Empresas y finanzas

Fiat Chrysler's Wall Street debut greeted by investor caution

By Agnieszka Flak and Paul Lienert

MILAN/DETROIT (Reuters) - FIAT (F.IT)Chrysler Automobiles (FCA) made its Wall Street debut to great fanfare on Monday, shifting the carmaker's center of gravity away from Italy and capping a decade of canny dealmaking and tough restructuring by CEO Sergio Marchionne.

INVESTOR (INVEB.ES) in the United States and Europe approached the new listing with caution, as analysts expressed reservations about the company's prospects.

FCA shares opened at $9.00 in New York, up from a Friday close for the predecessor company Fiat of $8.70, and rose as high as $9.55 before dropping back to $9.00 by mid afternoon. In Milan, where FCA will keep a secondary listing, shares rose more than 4 percent during the session and closed up 1.2 percent.

Marchionne will ring the closing bell at the New York Stock Exchange on Monday to mark the milestone for the 62-year-old chief executive who revived one of Italy's top companies and helped rescue Chrysler along the way.

The world's seventh-largest auto group had sought the U.S. listing to help establish itself as a leading global player through access to the world's biggest equity market and the cheaper, more reliable source of funding it ultimately offers.

"Our listing today on Wall Street is the culmination of five-and-a-half years' work to achieve an extraordinary union," Marchionne said.

Fiat took management control of bankrupt Chrysler in 2009 and completed its buyout this year. It is now combining all of its businesses under Dutch-registered FCA, which will have a UK financial domicile and small London headquarters, with operations centers in Turin and Detroit.

But Marchionne has picked a difficult moment to woo U.S. investors. Analysts think the U.S. auto industry is nearing a peak, while Europe is struggling to recover from years of decline and growth in China and Latin America has slowed.

"Only those willing to accept the risks of a highly leveraged turnaround situation in a competitive, capital-intensive, highly cyclical industry should consider investing," Richard Hilgert, an analyst at Morningstar, said in a note.

IHS Automotive, a leading industry research firm, said on Monday that it expects FCA will miss Marchionne's aggressive sales targets for the company as a whole and several of its brands, including Jeep and Alfa Romeo.

IHS "does not currently expect this plan to succeed," said analyst Ian Fletcher in a midday note.

The company has projected a 60 percent boost in sales to 7 million vehicles and a fivefold increase in net profit to as much as $6.9 billion by 2018, the year Marchionne has said he would step down as CEO.

IHS is forecasting more modest growth, to 5.1 million sales in 2018.

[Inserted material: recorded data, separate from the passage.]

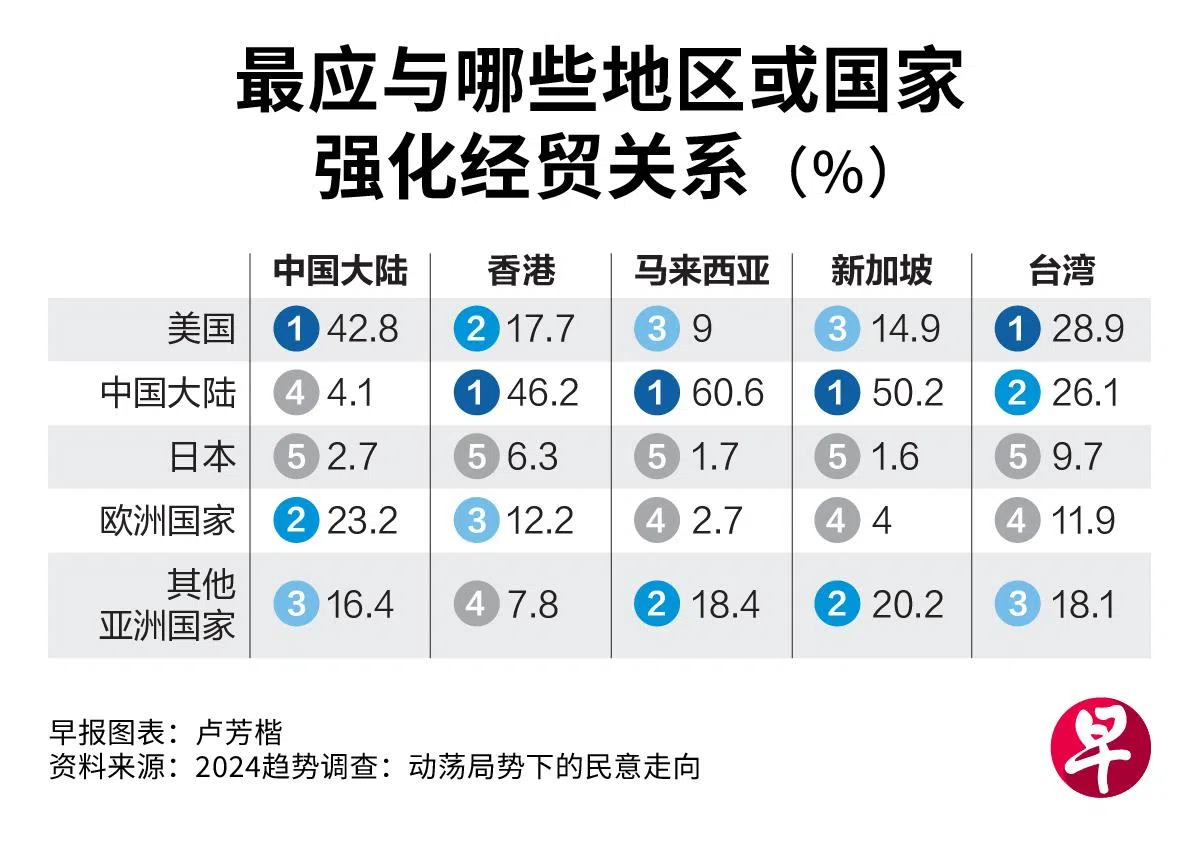 这项“2024年趋势调查:动荡局势下的民意走向”,由台湾《远见杂志》民意研究中心、新加坡《联合早报》、马来西亚《星洲日报》,以及香港浸会大学新闻与社会研究所合作进行,星期四(11月7日)公布结果。
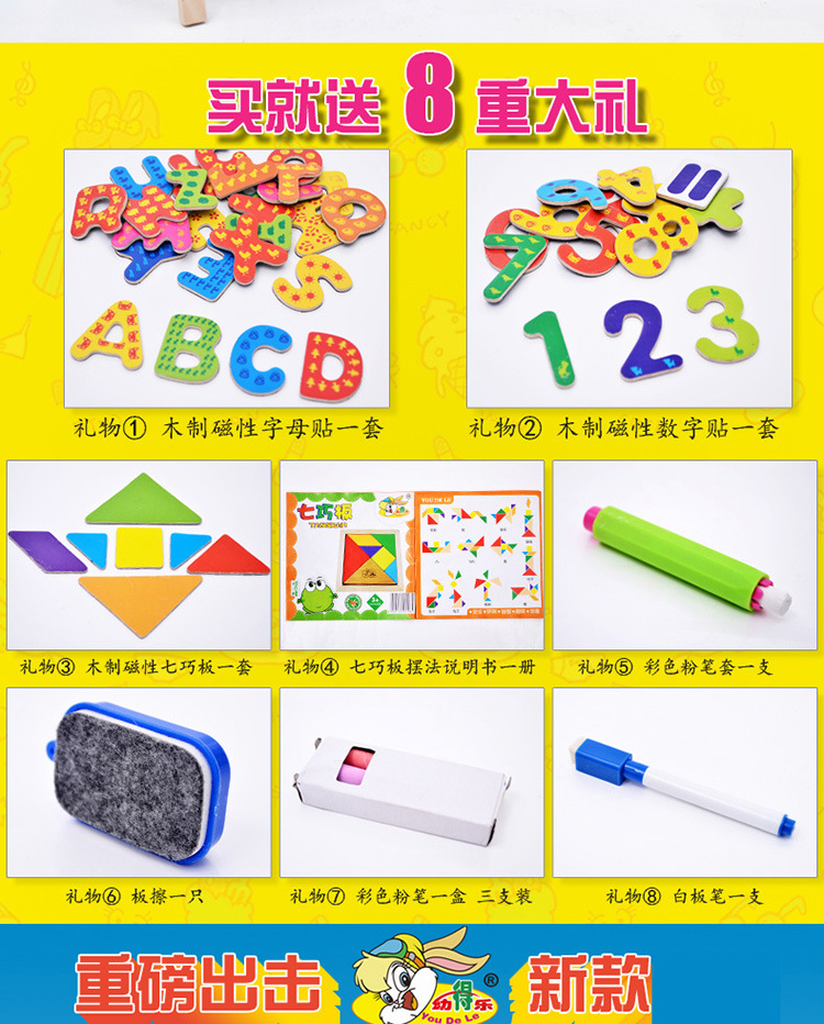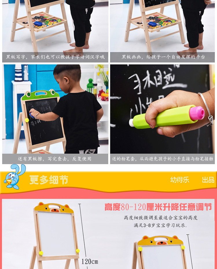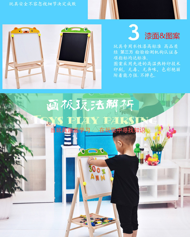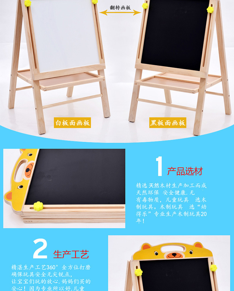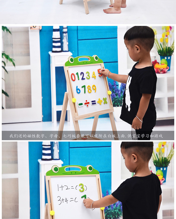 Pizarra de elevación de madera Pintura plegable Tablero de dibujo magnético Aprendizaje para niños Juguetes educativos Tablero de escritura tipo soporte de doble cara
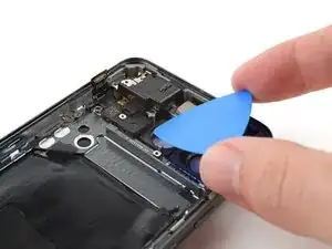 Подденьте открывающим медиатором нижний правый угол динамика слухового канала, чтобы отделить его от рамки.
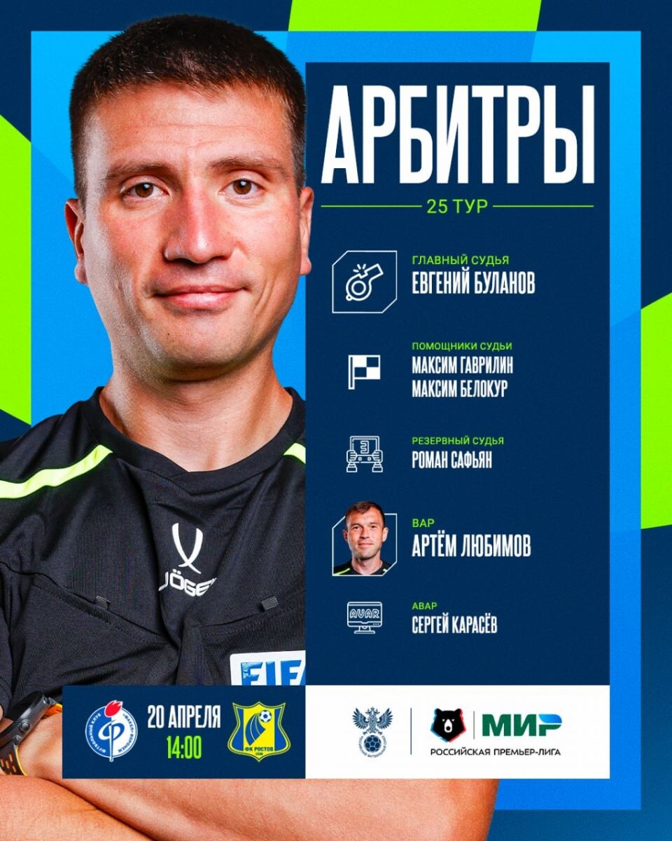 Воронежский «Факел» готовится к важному домашнему поединку 25-го тура Российской премьер-лиги. Матч против «Ростова», который состоится 20 апреля на стадионе в Воронеже, начнется в 14:00. Главным арбитром встречи назначен Евгений Буланов. В судейскую бригаду также вошли: ассистенты Максим Гаврилин и Максим Белокур, резервный арбитр Роман Сафьян, а также видеопомощники (ВАР) Артем Любимов и Сергей Карасев. Этот матч станет важным испытанием для воронежской команды, которая в текущем сезоне демонстрирует удручающие результаты. «Ростов» традиционно считается крепким середняком чемпионата, что обещает зрелищную и напряженную игру. Особое внимание болельщиков будет приковано к работе видеопомощников арбитра (ВАР), так как в последнее время их решения часто становятся предметом горячих дискуссий. Назначение опытного Артема Любимова на эту позицию должно обеспечить объективность ключевых моментов игры. Стадион ожидает полные трибуны, несмотря на раннее начало матча. Организаторы подготовили с
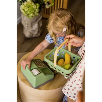 • Indeholder grøn kurv + realistiske frugter: æble, banan, appelsin, jordbær m.fl.
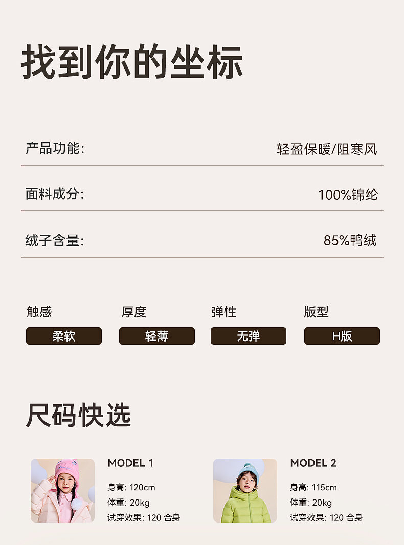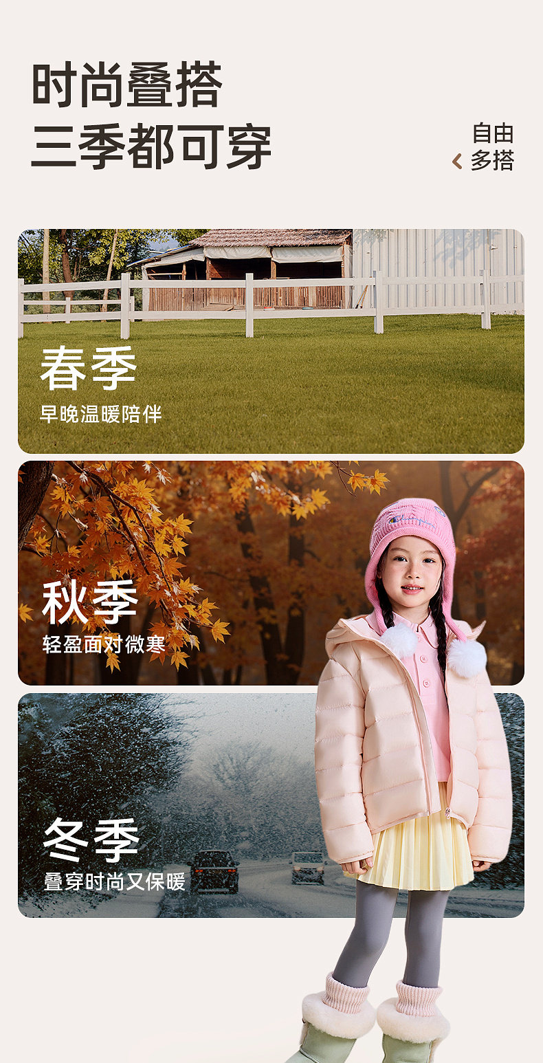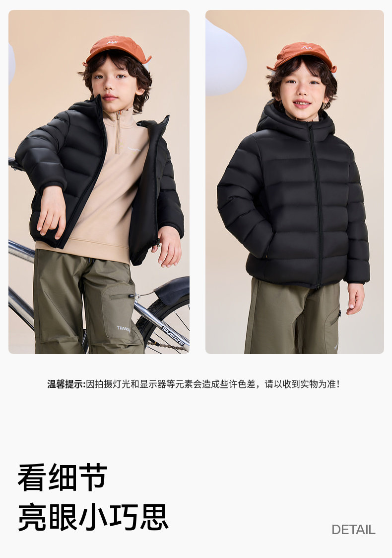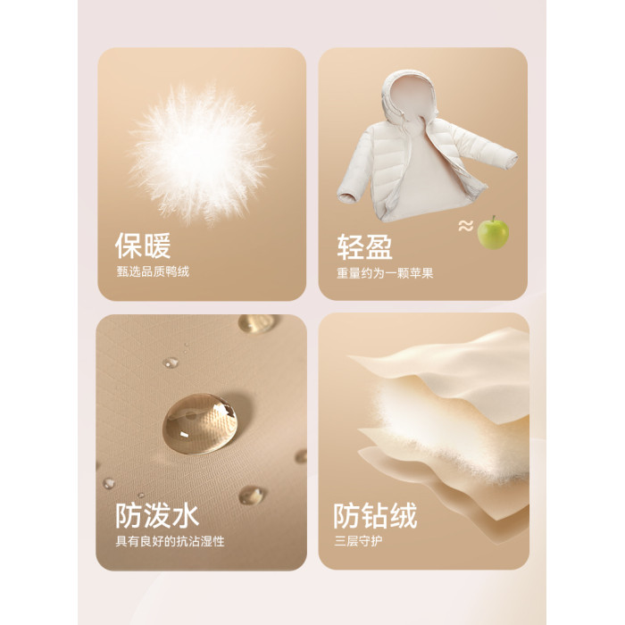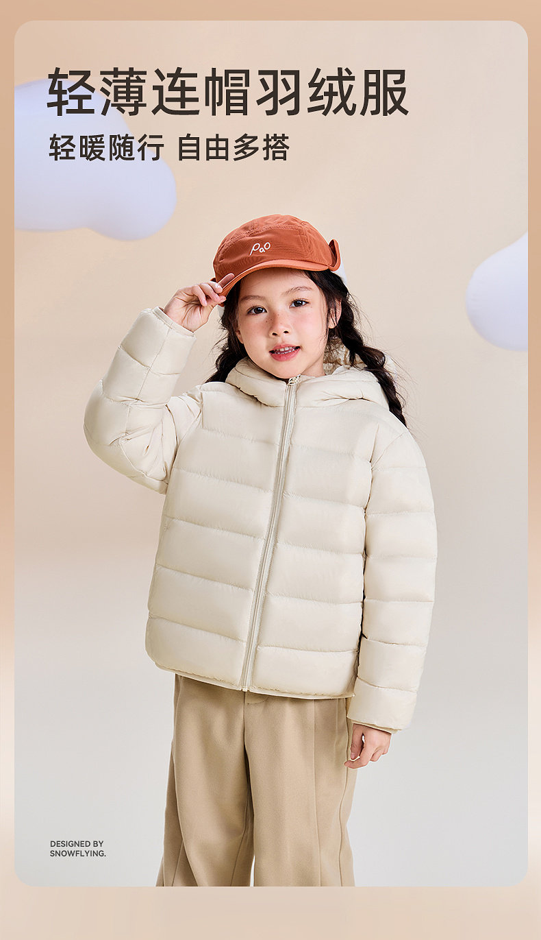 雪中飛2026春新款男女童連帽經典版型羽絨服純色簡約百搭舒適
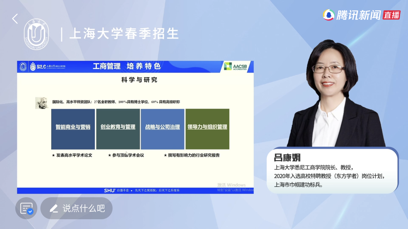 春招志愿填报在即,为帮助广大考生和家长更好的了解英国365上市公司及工商管理专业, 2月18日上午,悉商举行工商管理专业春招线上宣讲会,吕康娟院长亲自在云端为考生及家长权威解读工商管理专业。 工商管理专业是首轮获批国家一流本科专业建设点的悉商学院“王牌专业”,深受广大家长和学生的关注,历年录取分数在春招的各高校各专业中位列前茅。10点半钟,离线上直播开始还有10分钟,直播室里已涌入近6000多位考生和家长。10:40,线上直播准时开始,吕院长从学院基本情况入手,通过人才培养、实践平台、科研等方面的特色和优势等多个育人环节,层层递进地向考生和家长展现了工商管理专业的独特魅力,一个个成功学生的鲜活案例焕发广大考生对未来大学生涯的无限憧憬和共鸣。 直播过程中,参会人数节节攀升,很快突破万人大关。为及时解答广大考生和家长的疑问,工商管理系主任和资深教授纷纷出马现场答疑,回答大家共同关心的问题。半个小时的互动环节转瞬即逝,考生和家长依然热情不减,巨大的流量一度让直播平台陷于半卡顿状态。 感谢广大家长、考生对悉商学院工商管理专业的关注和报考热情,荟世上精粹,育天下英才,英国365上市公司真诚欢迎怀揣梦想的有志青年填报就读! |
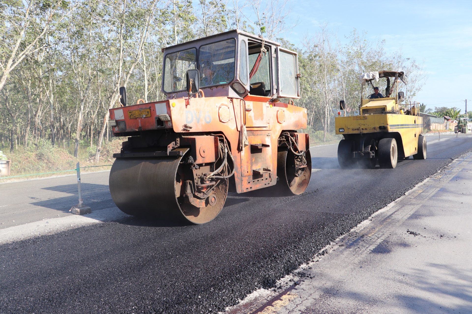 Thảm nhựa tuyến ĐT787B thuộc dự án đường liên tuyến kết nối vùng N8-787B-789.
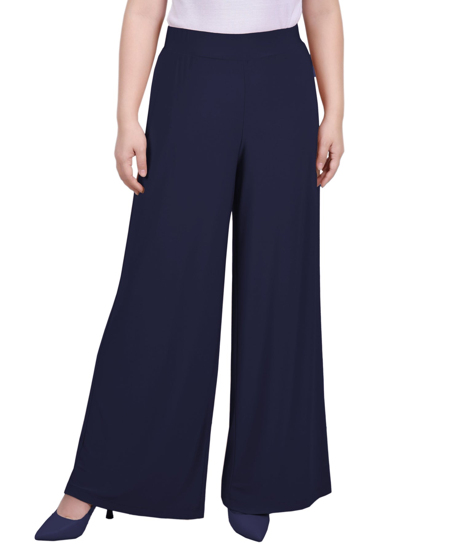 These palazzo pants from NY Collection are as comfortable as they are stylish, featuring a streamlined silhouette. Mid rise: approx. 8-1/4 inches Approximate short inseam 28 inches Elastic waist; pull-on style Relaxed fit through hips and thighs Soft jersey knit Petite sizes are designed to fit and flatter 5'4" and under frame Polyester, Spandex Machine Washable Imported Web ID: 15096992
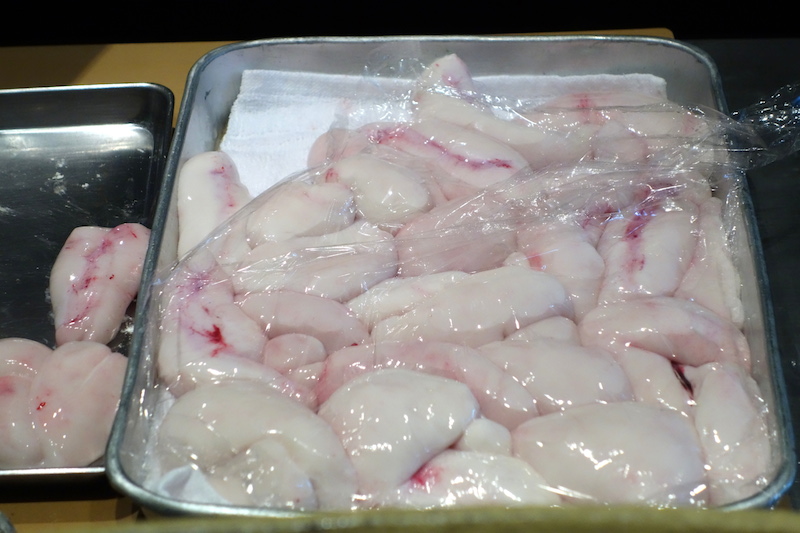 Shirako ของปลาปั๊กเป้า หรือว่าถุงสเปิร์มนั่นเอง อย่าเพิ่งยี้นะครับ ขอบอก (อันนี้เมื่อก่อนก็นึกว่ามันเหมือนกัน แต่จริงๆแล้ว มีทั้งของปลาค็อด ที่จะขยุกๆขยึยๆกว่า แล้วก็ของปลาปั๊กเป้าที่จะเรียบๆรีๆ อันนี้ต้องขอบคุณคุณ Moopenguin ที่ให้ข้อมูลครับ)
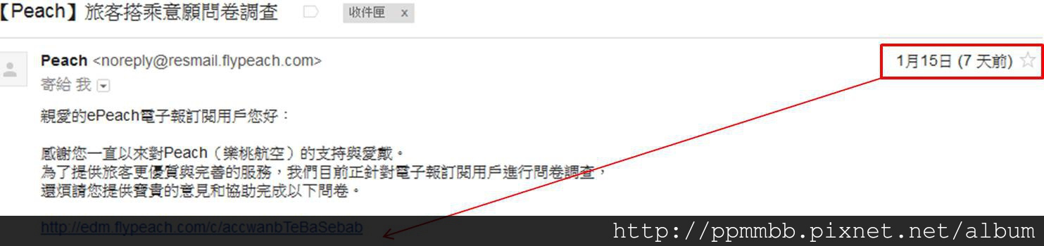 2016.01.15收到樂桃航空電子報會員問券調查表,本人把自己這篇文章網址附上去,讓樂桃航空自己看看多讓人失望,有麼多破壞日系長久累積給人優良服務的美好感覺。
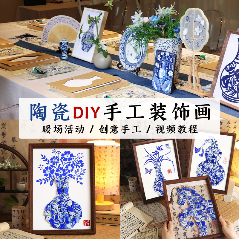 景徳鎮青花磁器コラージュ画手作りDIY素材パック モザイク陶磁器装飾画 重陽節の雰囲気作り
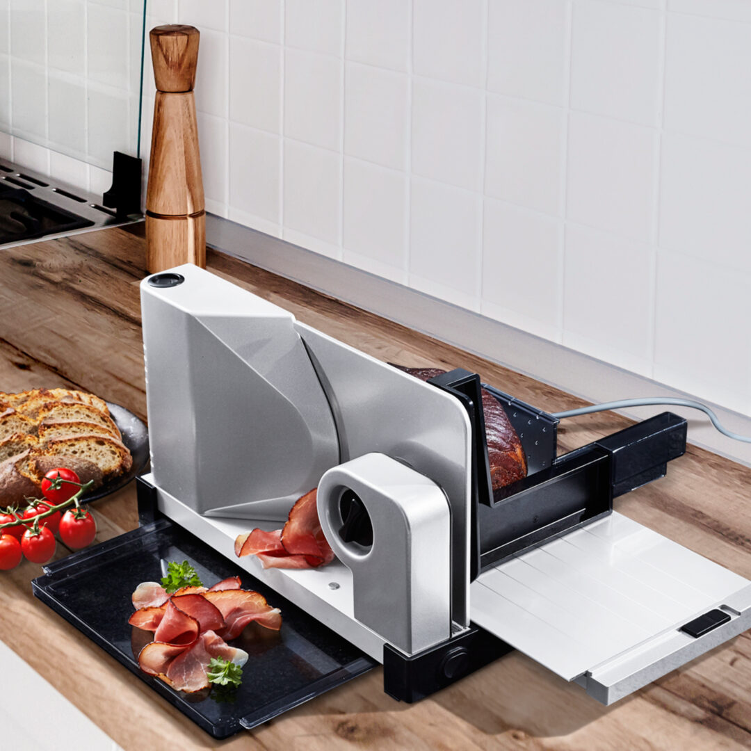 Leistungsstarke Schneidemaschine: Schneidet hauchdünnes Carpaccio oder gleichmäßige Brotscheiben
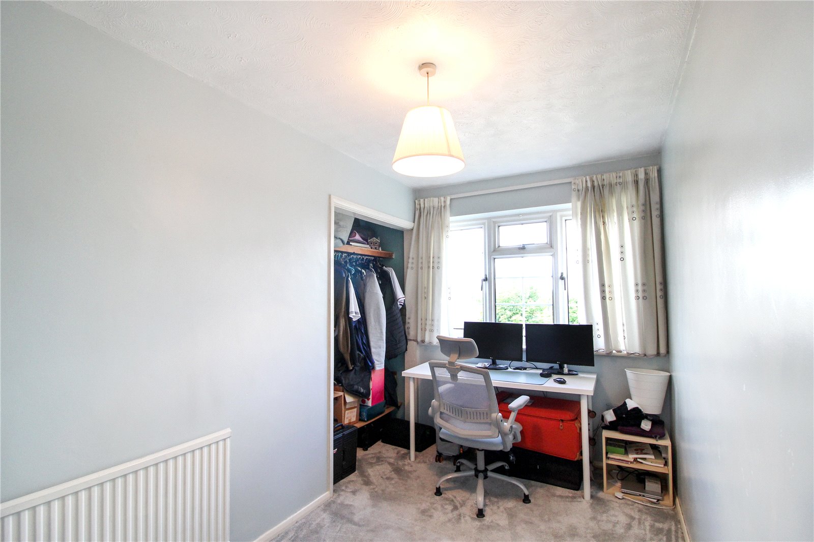 Carpet to floor, radiator. Built in storage cupboard with hanging rails and shelving, smooth ceiling, ceiling light, double glazed window to front aspect.
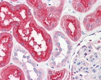 Anti-SLC6A3 / Dopamine Transporter antibody IHC of human kidney. |
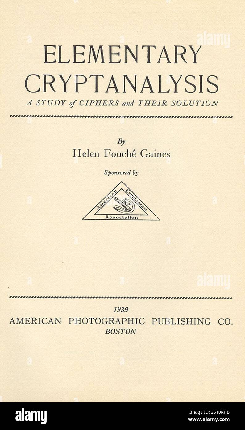 Cryptanalysis;: A study of ciphers and their solution: Gaines, Helen ...

Other analysts predict FCA will need to raise more capital to pay for Marchionne's $60 billion investment plan. FCA will decide on future financing options this month, though Marchionne insists it does not need a capital increase.

DETROIT POWER STRUGGLE

In comparison with GM and Ford, FCA is seen as less attractive because of its aging model line-up, high debt, weaker margins in North America and small presence in China.

"Ford and GM offer much stronger cash generation and balance sheets, and are thus in a position to return cash to shareholders, while FCA still needs to raise capital," Exane BNP Paribas analyst Stuart Pearson said in a note.

John Casesa, senior managing partner at Guggenheim Securities, said investors would need to weigh the prospects of huge cost savings from integrating Fiat and Chrysler, with the risk that the U.S. auto market will peak in the next few years.

Marchionne hopes to see more than half of FCA stock changing hands in New York instead of Milan, but appetite will take time to build, especially as FCA has yet to switch to U.S. accounting principles and to reporting results in dollars.

Marchionne will hit the road next month to spread the word. FCA may also sell treasury shares and other stock after the listing in an attempt to boost trading volumes.

The CEO believes FCA's cause will be aided by Chrysler's brand strength in the United States, now the main profit center for the combined group. FCA sold more cars in North America last month than Toyota Motor Corp, the world's largest automaker.